Data now ready for training and testing. Split into training and validation sets.

In [91]:
#Preparing training and test data
X_train, X_test, y_train, y_test = train_test_split(X, Y, test_size = 0.1)
print(X_train.shape[1])

227


The neural network consists of 2 hidden layers, using Relu activation.

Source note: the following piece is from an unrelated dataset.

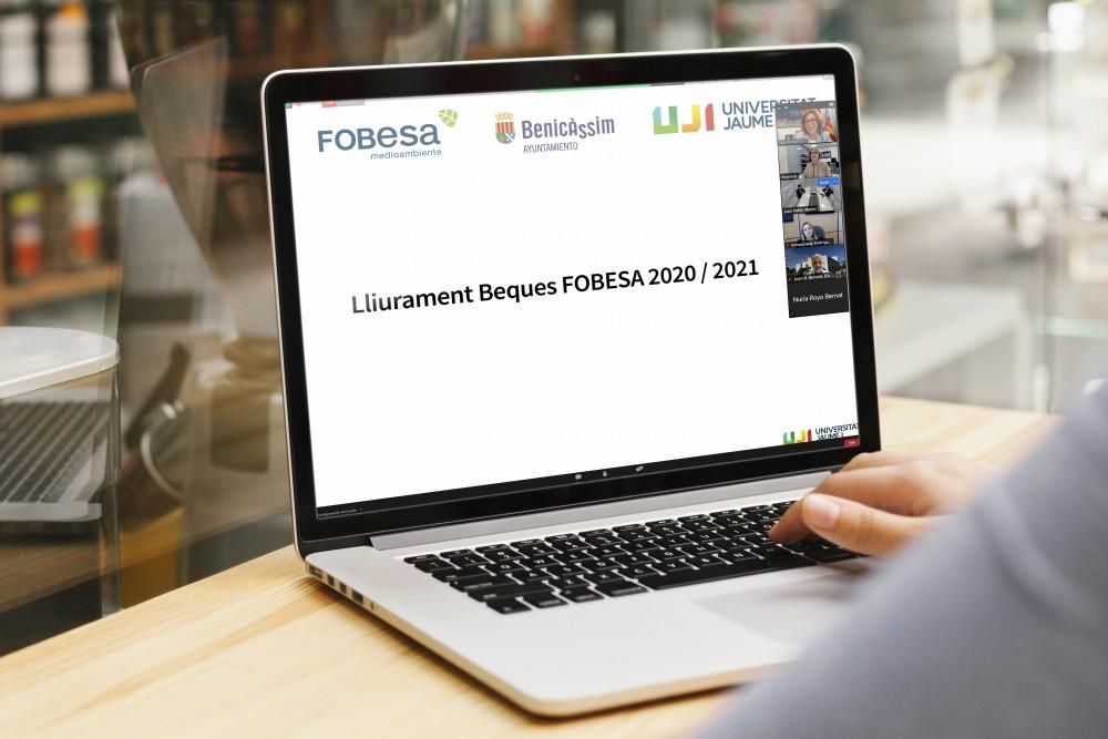 La Universitat Jaume I y FOBESA han entregado las Becas FOBESA concedidas a 26 estudiantes de grado de la UJI residentes en Benicàssim en un acto que se ha celebrado virtualmente hoy 20 de mayo de 2021, presidido por la rectora, Eva Alcón, y que ha contado con la participación de la vicerrectora de Estudios y Compromiso Social, Inmaculada Rodríguez; la alcaldesa de Benicàssim, Susana Marqués; el presidente del Grupo Gimeno, Enrique Gimeno; el director de Fobesa, Juan Pablo Mateo, y el gerente de la Fundación General de la UJI, Juan Antonio Bertolín.

The output layer uses a linear activation. Dropout is also included to allow the model to generalize better.

In [92]:
#Constructing NN model
model = models.Sequential()
model.add(layers.Dense(100, activation = "relu", input_shape=(X_train.shape[1], )))
# Hidden - Layers
model.add(layers.Dropout(0.3, noise_shape=None, seed=None))
model.add(layers.Dense(100, activation = "relu"))
#model.add(layers.Dropout(0.2, noise_shape=None, seed=None))
model.add(layers.Dense(10, activation = "relu"))
# Output- Layer
model.add(layers.Dense(y_train.shape[1], activation = "linear"))
model.summary()

W0701 11:41:21.824674 140193057347328 deprecation.py:506] From /home/naveen/anaconda3/lib/python3.7/site-packages/keras/backend/tensorflow_backend.py:3445: calling dropout (from tensorflow.python.ops.nn_ops) with keep_prob is deprecated and will be removed in a future version.
Instructions for updating:
Please use `rate` instead of `keep_prob`. Rate should be set to `rate = 1 - keep_prob`.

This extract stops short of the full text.